University dissertation from Uppsala : Institutionen för kulturantropologi och etnologi

Abstract: This dissertation seeks to present and analyze the negotiation process between the Mexican Power Board (CFE) and the peasants of Ejido Vista Hermosa, who were displaced by the building of the Zimapán dam in central Mexico. I use these negotiations as a focal point to identify the strategies, the reasoning, the priorities, and the conflicts of interest of the two main actors in the resettlement project. I try to grasp and describe some of the items, events and transformations that made up the negotiations during the implementation phase.
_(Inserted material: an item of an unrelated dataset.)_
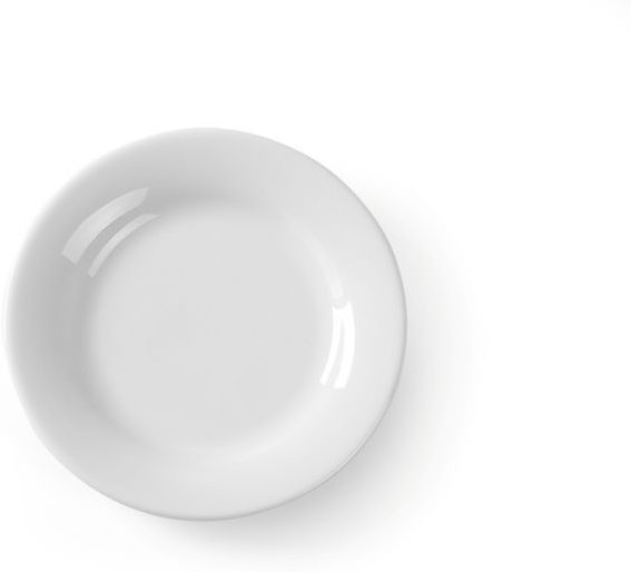 Talerz płytki Optima Hendi o numerze katalogowym 770894 wykonany z wysokogatunkowej białej porcelany hotelowej. Charakteryzuje się wzmocnionymi brzegami oraz bardzo solidną jakością szkliwa.
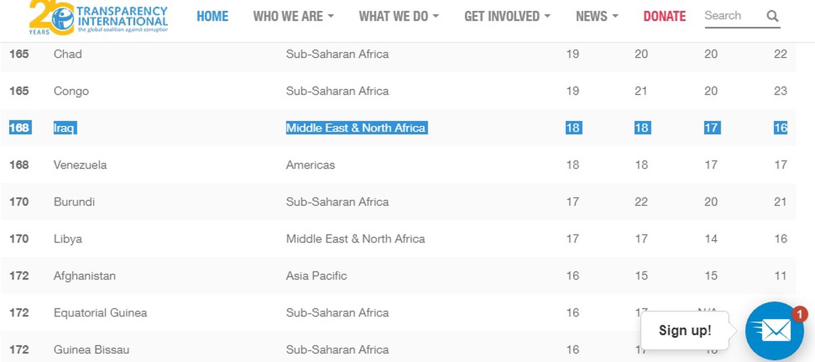 Năm 2018, Chỉ số nhận thức tham nhũng của Iraq đạt 18 điểm, xếp thứ 168/180 quốc gia.

My attempts have been to show how highly dynamic, multileveled and multifaceted the negotiation process was and how profound and extensive the impacts were in the resettled peasant society. Furthermore, I also demonstrate how a powerful national institution, the CFE, was affected by the process and that an unexpected and dynamic field of social interaction developed between the main actors during the most intense period of the implementation phase.My main conclusion is that the resettled peasants faced a disarticulation of their society. The experts dismantled their society and chopped it up into small defined units (economic, political, social) with an emphasis on the material aspects (gate for gate, tree for tree). The peasants' way of life was scrutinized, objectified, quantified and evaluated. It was emptied of its cultural content and it became abstract and negotiable. The peasants, too, had to take a step back and look at their society with new eyes. They had to make up their minds, under the severe time pressure of the technical schedule for the building of the dam, which set the agenda, what they wanted to do with their future lives. Under these circumstances, they had to negotiate about cultural key symbols: the river, the land and the trees. This objectification, which was necessary for the negotiations, seems to have unraveled a delicate underlying socio-cultural fabric.Throughout the thesis, I have emphasized an ethnographic perspective, even though I have touched upon theoretical issues concerning time and space structures, events and transformations within the local system. I seek this ethnographic specificity because I see it as a way out of the simplistic duality of global contra local and as a way to avoid viewing the negotiations as an inflexible, hierarchical one-way relation.